Pursuit gain was obtained by dividing average artifact-free (i.e. saccades and blinks removed) eye velocity by target velocity during each epoch. To test the hypothesized transient group differences occurring around the time of response latency, pursuit gain to unexpected changes in target direction was measured in 30 ms epochs for 300 ms after the target direction change (Fig. 2). Maintenance pursuit gain (sometimes referred to as closed-loop gain) immediately before the unexpected target was obtained in the 60 ms epoch before the target direction change. The traditional maintenance pursuit gain was also obtained by averaged pursuit gain from ramps where no unexpected target change occurred. Scoring of maintenance gain did not include eye movement data 135 ms at the beginning and end of a half-cycle or 15 ms after a saccade. We obtained the change of velocity latency, which measures the time between unexpected target change and the point that the eyes start to decelerate. (This is similar to pursuit onset latency, in that the time between target onset and the point the eyes start to accelerate is measured.) We also obtained the change of direction latency, which measures the time between unexpected target change and the point the eyes turn and move in the same direction of the target. Eye data filtered by a 20 Hz low-pass filter were used for gain measures. Eye data filtered at 75 Hz were used in saccade analyses. Eye records were calibrated trial-by-trial using calibration steps (±10°) presented between trials. The scoring algorithm identified a saccade based on velocity (>35° s−1) and acceleration (>600° s−2) criteria. Blinks were identified on the basis of characteristic morphology, and removed. All saccades and artifacts were identified as missing data points before the scoring of pursuit gain and latencies. Analysis of the oculomotor data was automated using algorithms developed in our laboratory in a commercially available software environment (Igor, Wavemetrics, Lake Oswega, OR, USA). The algorithms elicit the scorer’s active approval at critical junctures (e.g. identification of a saccade) before proceeding (interrater reliability for scoring routines are maintained above 0.90). Analysis of the eye movement records was done blind to diagnosis.

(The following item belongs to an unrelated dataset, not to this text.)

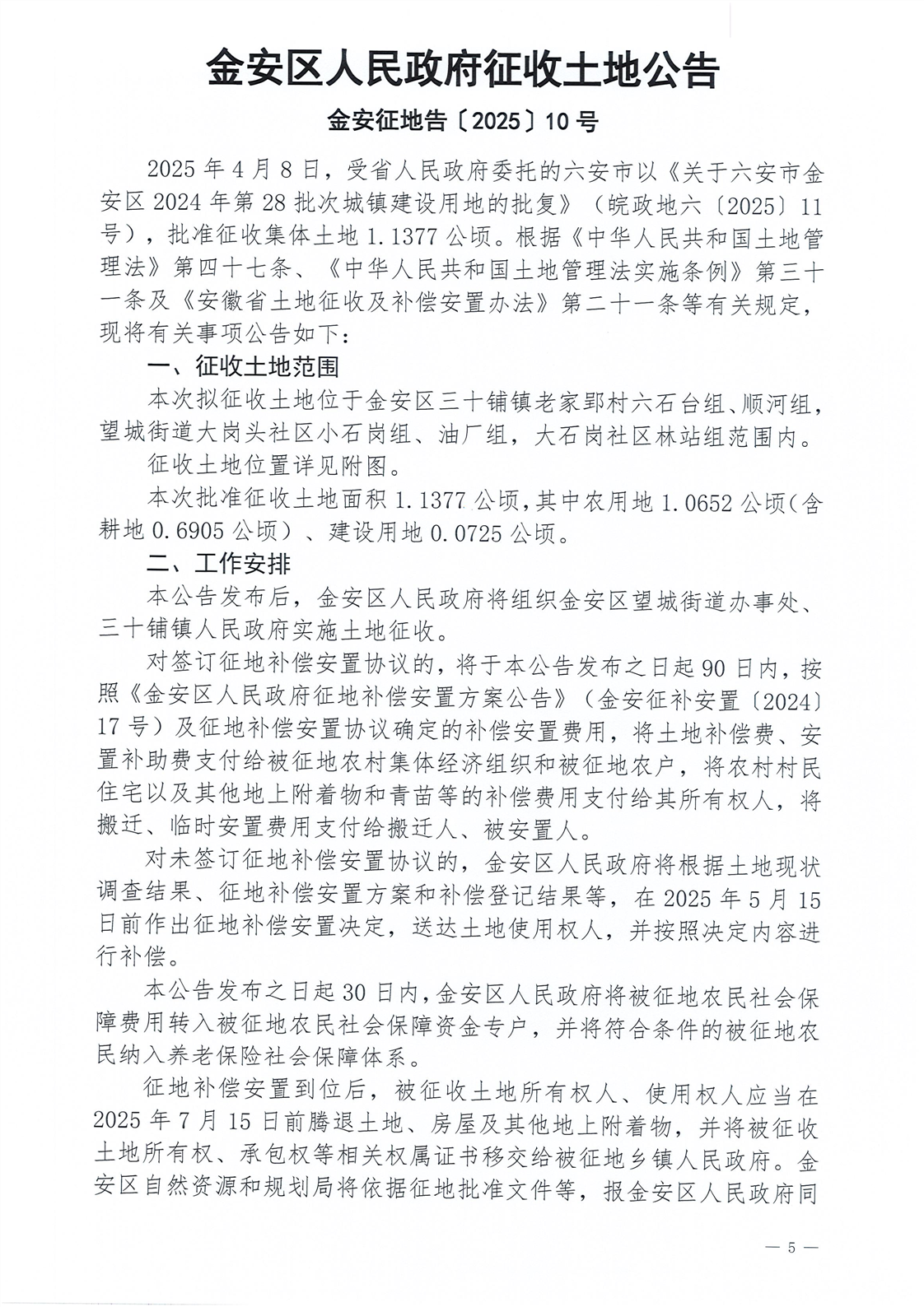 金安区人民政府征收土地公告(金安征地告〔2025〕10号)

Pursuit gain was measured in epochs from −60 to 300 ms, including one 60 ms epoch before the target turn and 10, 30 ms epochs after the turn. Smooth-pursuit performance was analyzed using a mixed design ANOVA (group×epoch), where epoch was entered as a within-subjects factor and group was entered as a between-subjects factor. Latencies were compared using Student’s t-test.
Potential effects of antipsychotic treatment on eye movement were examined using maintenance pursuit gain. There was no significant difference in pursuit gain among patients on first-generation antipsychotic medications (Mean±SD: 0.75±0.15), patients on new-generation antipsychotic medications (0.71±0.21), and patients not on antipsychotic medications (0.79±0.13) (P=0.71). Eight patients were also on anticholigergic medications as a treatment for side effects from antipsychotic medications. Recent data suggested potential effects of anticholinergic medications on eye movement measures (Ettinger et al. 2003). In the current sample, the eight patients who were on anticholinergic medications (0.74±0.15) did not significantly differ from the rest of the patients (0.76±0.21) in maintenance pursuit gain (P=0.75).

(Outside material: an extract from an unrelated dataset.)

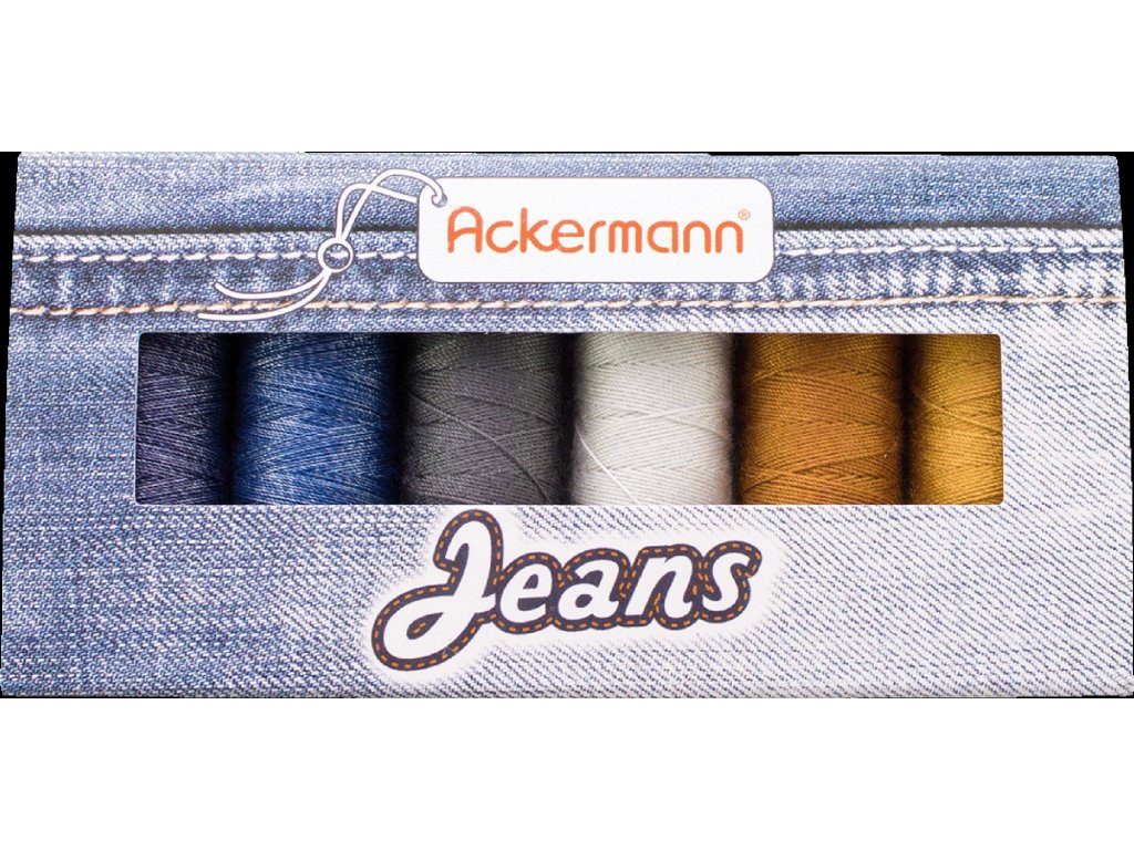 6 x 150 m džínová nit Ackermann je vysoce kvalitní nit vhodná pro šití silných a hustých látek, jako jsou džíny. V této sadě je šest barev ve velikosti 80

During unpredictable change of target direction, there was a significant group by epoch interaction (F(10,41)=2.21, P=0.02). Because gender was significantly different between the two groups, the data were also analyzed using gender as a covariate. The results were essentially identical (F(10,40)=2.08, P=0.03). Analysis of simple effects revealed a significant patient-control difference in mean pursuit gain for the period 120–150 ms after target change (t(41)=3.0, P=0.005). As predicted, patients were briefly superior in their performance to control subjects in the 120–150 ms epoch (Fig. 2). The effect size was large (Cohen’s d=0.90). Levene’s test for equality of error variance of dependent variable between the two groups was not statistically significant (F(1, 41)=0.71, P=0.40). Introducing age as covariate also did not eliminate the significant difference in performance. There were no significant group differences in other time intervals. Maintenance gain (60 ms epoch) before the target turning was not significantly different between patients (0.82±0.21) and controls (0.92±0.18) (t(41)=1.71, P=0.10; effect size d=0.50). However, patients had reduced averaged (over all ramps) maintenance gain compared with controls (0.74±0.17 vs. 0.86±0.13, respectively; t(42)=2.5, P=0.02; effect size d=0.78). Change of velocity latency (in ms) was not significantly different between patients (103.0±53.7) and controls (93.0±44.8) (t=0.69, P=0.50). Change of direction latency was also not significantly different between patients (244.7±110.6, median 260.1, 95% confidence interval of the mean 207.4–283.9) and controls (245.7±66.3, median 267.5, 95% confidence interval 242.6–325.8) (t=0.03, P=0.98).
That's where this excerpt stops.